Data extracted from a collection

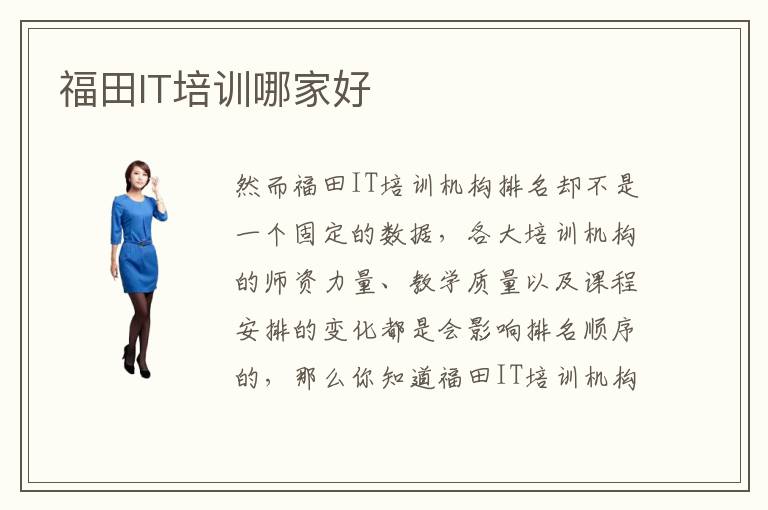 然而福田IT培訓機構排名卻不是一個固定的數(shù)據(jù),各大培訓機構的師資力量、教學質量以及課程安排的變化都是會影響排名順序的,那么你知道福田IT培訓機構最新排名是什么嗎。福田是國內(nèi)經(jīng)濟發(fā)達的中心城市,是我國的經(jīng)濟開發(fā)特別行政區(qū)。福田IT培訓學校能夠幫助學生掌握熟悉計算機知識,在學習的道路上可以少走一些彎路,更快更高效地達到預期的學習狀態(tài)。哪家更存在專業(yè)性呢。福田IT培訓機構在IT技術研究方面有比較重要的特色,把握學生學習機會,為其構造美好明天。這個問題的答案并不會是唯一的,每個人都有自己的評定標準。福田IT培訓班以小班教學為主,通過把一部分基礎相近、興趣相同、目標一致的學生們集中起來的授課形式,提高了福田IT培訓機構的教學效率。
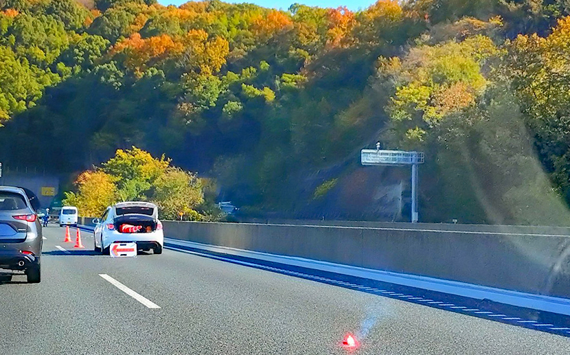 ございます。第2車線に発煙筒が焚かれているのが確認できる。撮影は
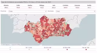 Andalucía registra este miércoles 20 de enero otros 39 municipios con tasa de incidencia del coronavirus Covid-19 superior a los 500 casos por cada 100.000 habitantes en los últimos 14 días que la Junta ha fijado como criterio para decretar el cierre perimetral, que se suman a los 326 en los que esta medida restrictiva ya ha entrado en vigor.
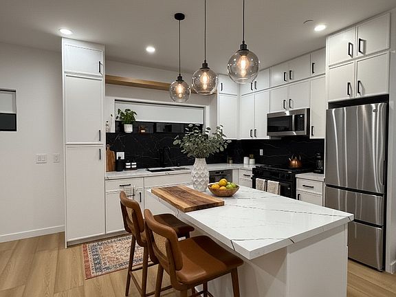 This stunning newly built home features soaring high ceilings and luxury appliances throughout. The designer kitchen includes a massive quartz island, granite farmhouse sink, and top-of-the-line finishes perfect for cooking and entertaining.
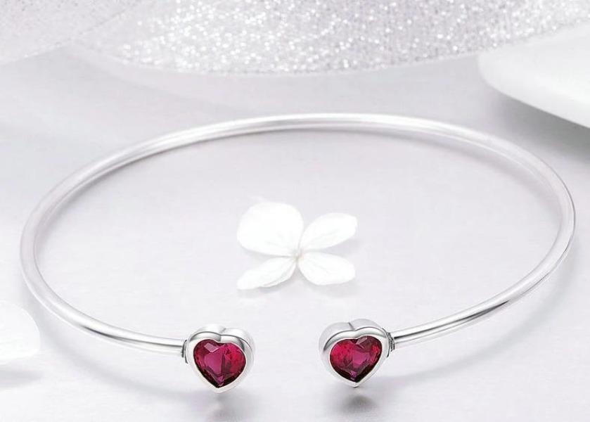 Cute and bright dual heart open cuff Sterling Silver bracelet featuring twin ruby red Cubic Zirconia hearts. Why not surprise the one you love with a sweet reminder?
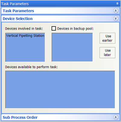 2 If you have multiple devices in the Devices involved in task area, select a device, and then click Use earlier or Use later to prioritize it.
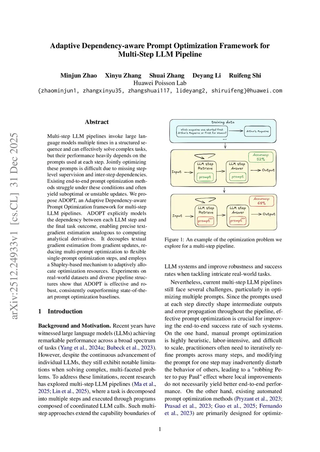 Adaptive Dependency-aware Prompt Optimization Framework for Multi-Step LLM Pipeline
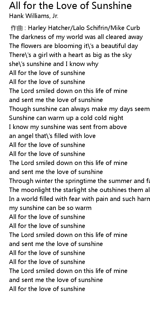 | [01:12.699] | Though sunshine can always make my days seem bright |
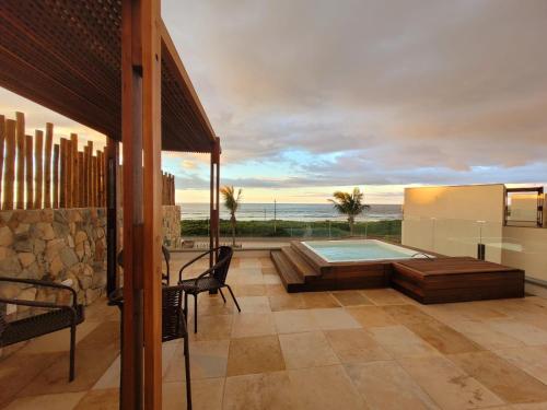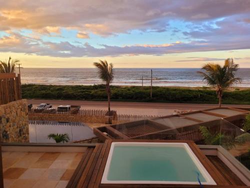 Located in Trairi, Casa em Condomínio Flecheiras provides accommodation with a rooftop pool, a balcony and sea views. This beachfront property offers access to a terrace, free private parking and free WiFi. The property is non-smoking and is set a few steps from Flecheiras Beach.
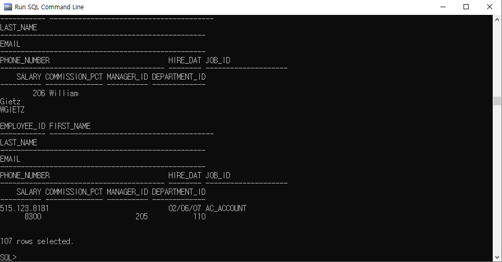 지난 시간에 hr 계정을 해제하고 비밀번호를 설정했습니다. 이제 SQL Command Line을 사용하여 hr 계정의 데이터를 조회해 보겠습니다.
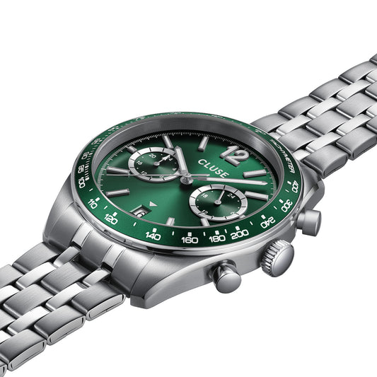 Cluse 41.5mm Aravis Green Duel Time Date Window Steel Link Watch

_Instructions to follow_
Print each entry above exactly. The pictures should not be printed.

_Reply_
 然而福田IT培訓機構排名卻不是一個固定的數(shù)據(jù),各大培訓機構的師資力量、教學質量以及課程安排的變化都是會影響排名順序的,那么你知道福田IT培訓機構最新排名是什么嗎。福田是國內(nèi)經(jīng)濟發(fā)達的中心城市,是我國的經(jīng)濟開發(fā)特別行政區(qū)。福田IT培訓學校能夠幫助學生掌握熟悉計算機知識,在學習的道路上可以少走一些彎路,更快更高效地達到預期的學習狀態(tài)。哪家更存在專業(yè)性呢。福田IT培訓機構在IT技術研究方面有比較重要的特色,把握學生學習機會,為其構造美好明天。這個問題的答案并不會是唯一的,每個人都有自己的評定標準。福田IT培訓班以小班教學為主,通過把一部分基礎相近、興趣相同、目標一致的學生們集中起來的授課形式,提高了福田IT培訓機構的教學效率。
 ございます。第2車線に発煙筒が焚かれているのが確認できる。撮影は
 Andalucía registra este miércoles 20 de enero otros 39 municipios con tasa de incidencia del coronavirus Covid-19 superior a los 500 casos por cada 100.000 habitantes en los últimos 14 días que la Junta ha fijado como criterio para decretar el cierre perimetral, que se suman a los 326 en los que esta medida restrictiva ya ha entrado en vigor.
 This stunning newly built home features soaring high ceilings and luxury appliances throughout. The designer kitchen includes a massive quartz island, granite farmhouse sink, and top-of-the-line finishes perfect for cooking and entertaining.
 Cute and bright dual heart open cuff Sterling Silver bracelet featuring twin ruby red Cubic Zirconia hearts. Why not surprise the one you love with a sweet reminder?
 2 If you have multiple devices in the Devices involved in task area, select a device, and then click Use earlier or Use later to prioritize it.
 Adaptive Dependency-aware Prompt Optimization Framework for Multi-Step LLM Pipeline
 | [01:12.699] | Though sunshine can always make my days seem bright |
 Located in Trairi, Casa em Condomínio Flecheiras provides accommodation with a rooftop pool, a balcony and sea views. This beachfront property offers access to a terrace, free private parking and free WiFi. The property is non-smoking and is set a few steps from Flecheiras Beach.
 지난 시간에 hr 계정을 해제하고 비밀번호를 설정했습니다. 이제 SQL Command Line을 사용하여 hr 계정의 데이터를 조회해 보겠습니다.
 Cluse 41.5mm Aravis Green Duel Time Date Window Steel Link Watch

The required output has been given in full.